Adsorption of acetic acid from aqueous solutions by using tea waste as low-cost biosorbent: Equilibrium, kinetic and thermodynamic studies

O. Khelifi, A. Djadallah, Kh. Khalili, F. Khanfoussi, H. Laksaci, M. Nacef, M.L. Chelaghmia, A.M. Affoune

Abstract


This study aims to evaluate the preparation of a low-cost biosorbent from tea wastes were for use as a natural carrier for the removal of acetic acid from aqueous solutions.
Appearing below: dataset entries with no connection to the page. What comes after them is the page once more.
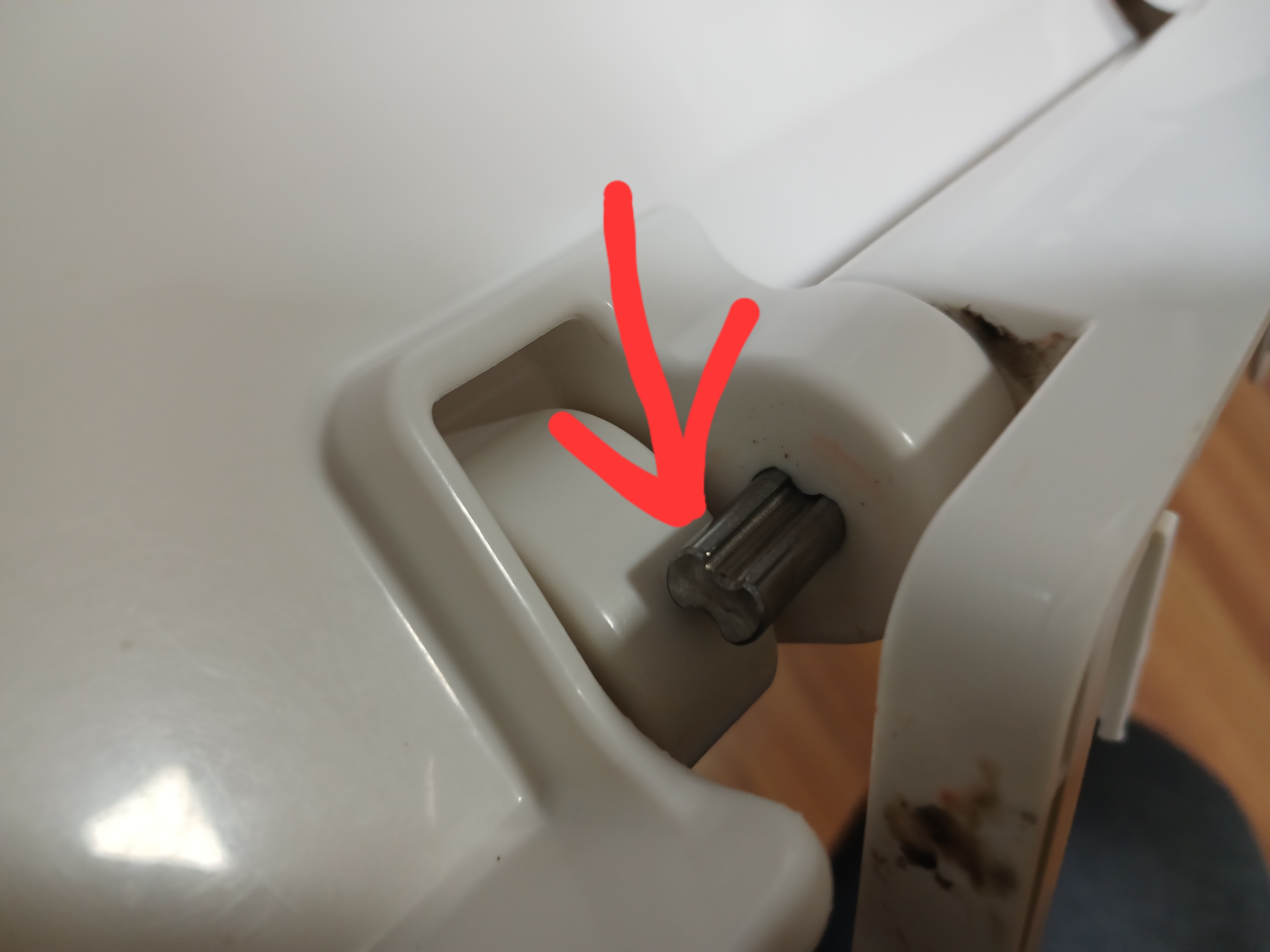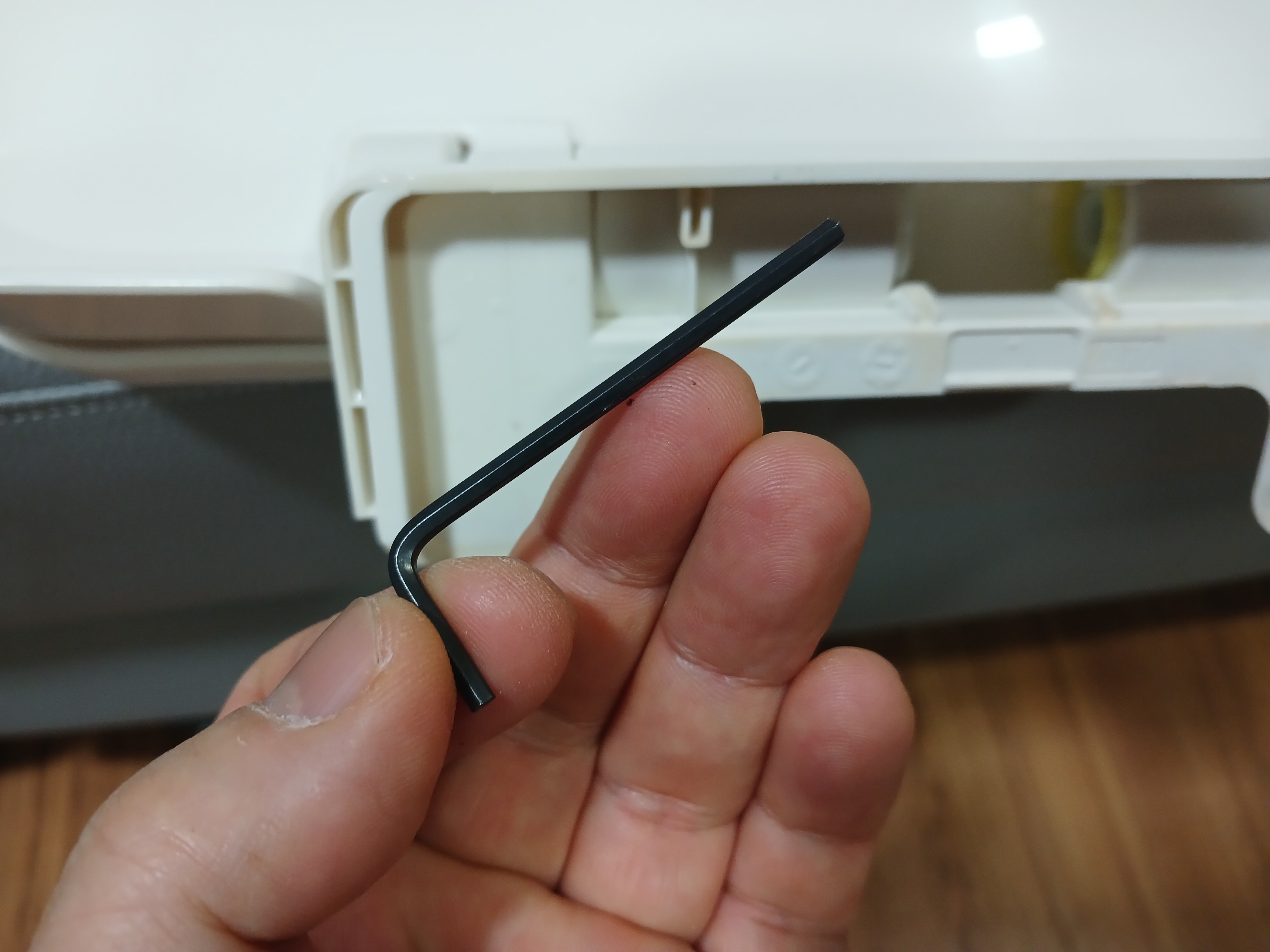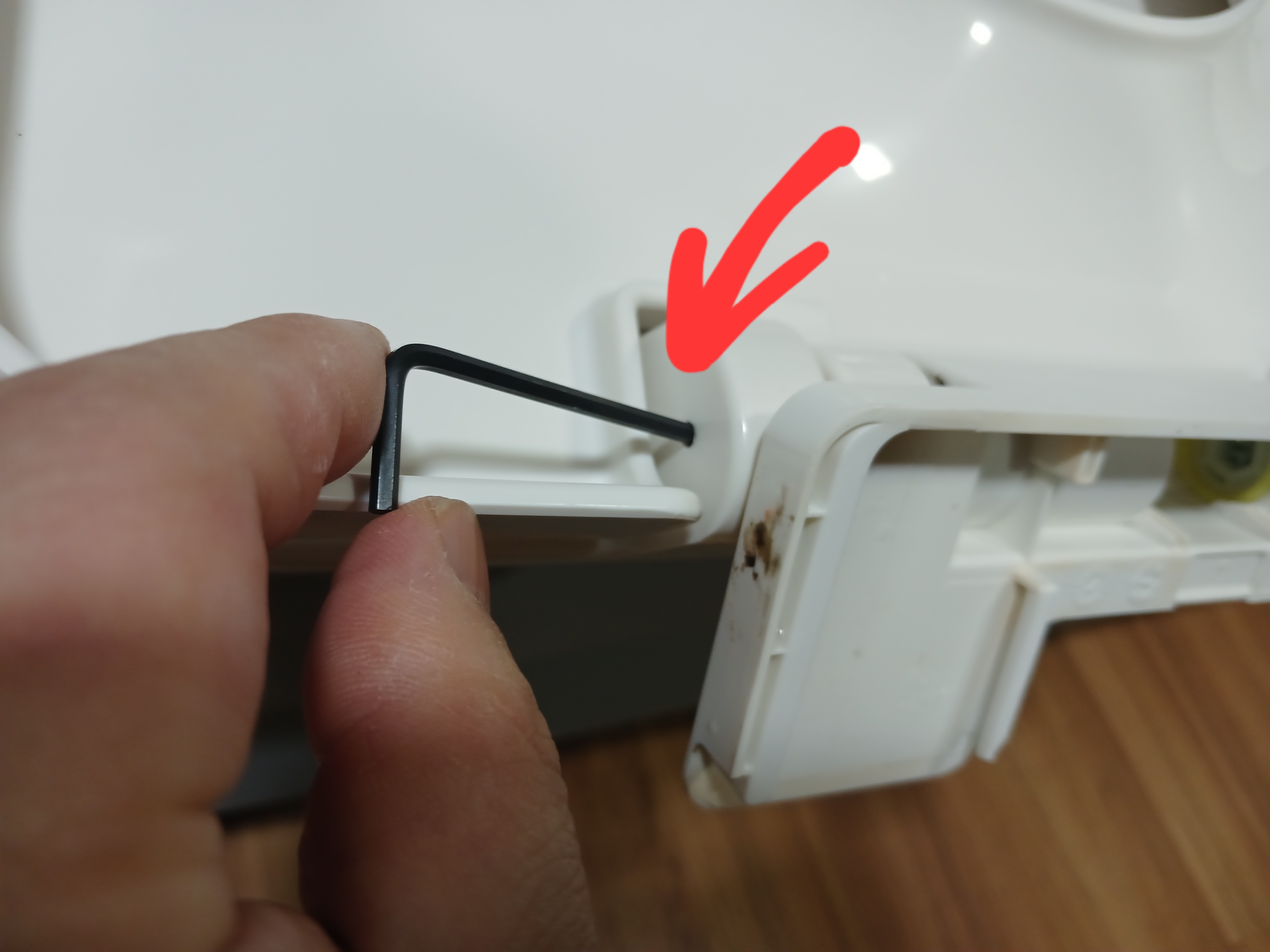 이 구멍을 육각렌츠로 누르면 칸막이가 있던 반대편으로 튀어나오는 부품이 있다. 이것이 뚜껑을 천천히 닫게 하는 역할을 하는 부품이다. 완전히 빠질 필요 없이 위 사진에 보이는 정도로 빠지면 된다.
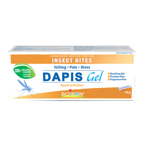 Boirons dapis gel relieves the pain, itching and swelling of skin irritations and hives. The non greasy, easy to apply gel formulation promotes fast absorption and a cooling effect. Dapis gel is effective for everyone in family.
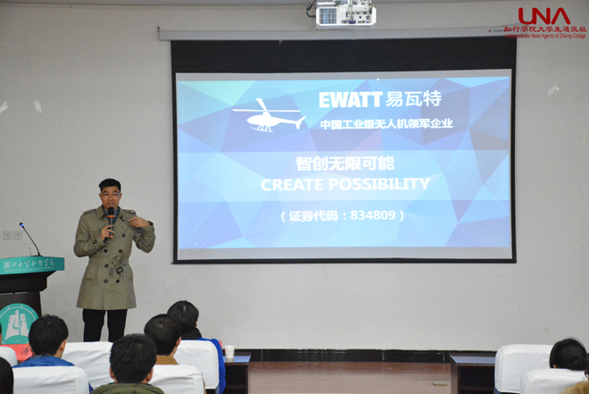 学通社讯12月22日下午,由武汉市江岸区科学技术协会主办,我院承办的“创业先锋进校园”易瓦特创业分享会在知远楼弘艺厅举行。湖北易瓦特科技有限公司董事长赵国成应邀为我院200余名有创业意愿的学生作创业报告分享会。武汉市江岸区科学技术协会党组书记、主席徐燕青、秘书长彭涛、办公室主任李君君、学院党委委员刘张虎出席报告会。
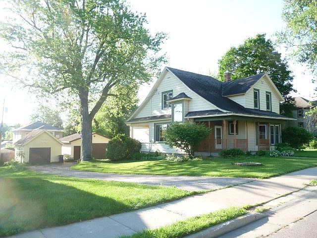 Affordable 4BR/2BA classic 2 Story home offers a convenient location! Find original hardwood floors through most of the home! Nicely sized living room boasts hardwood floors, original woodwork, walkout to front porch and arched doorway to family room! Dining room features the original hardwood flooring & woodwork, plus walk-out to the back covered deck. Family room on the main floor with hardwood floors also offers a lighted ceiling fan, bay window, French doors with arched doorway to living room. Main floor bonus room can be used as an office and adjoins the half bath. Kitchen provides vinyl flooring, lighted ceiling fan & walkout to back deck. Find all four bedrooms with big closets and the full bath with tiled floors on the upper level. Appliances consist of the range, exhaust hood/fan, refrigerator, washer, dryer and owned water softener. Foyer has hardwood floors and closet. Metal exterior; electric water heater; natural gas boiler heat. 24x24 detached 2 car and 16x24 single car garages with vinyl siding, cement floors and asphalt driveway. Property will be Sold As-Is. Ellsworth Main Street: South on Chestnut Street to property on Left.
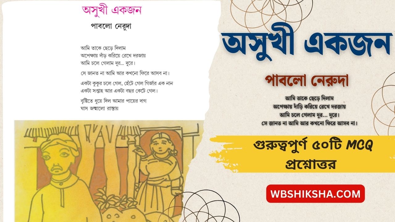 অসুখী একজন কবিতার MCQ প্রশ্ন উত্তর | Asukhi Ekjon Question Answer MCQ | Class 10 | Wbbse
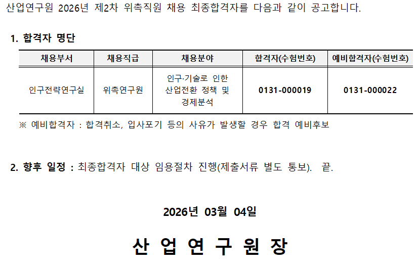 2026년 제2차 위촉직 채용 2차 전형(면접심사) 합격자 공고

In order to clarify the adsorption process, batch experiments were carried out to study operating parameters effect on the adsorption process such as: contact time (5-60 min); initial concentration of acetic acid (0.01-0.1 mol L-1) and temperature (15-35 °C). The experimental data were analyzed by Langmuir and Freundlich isotherm. The equilibrium is perfectly described by the Langmuir model (R2>0.99) with a maximum monolayer adsorption capacity of 20.16 mg g-1 and the calculated specific surface area is equal to 42.489 m2 g-1. Kinetic study shows that the pseudo-second order well fitted the kinetic data. Thermodynamic parameters indicate that the adsorption process is feasible, spontaneous and exothermic. The results of the present study show that tea waste can be advantageously used as a low cost biosorbent for the removal of an acid from aqueous solutions.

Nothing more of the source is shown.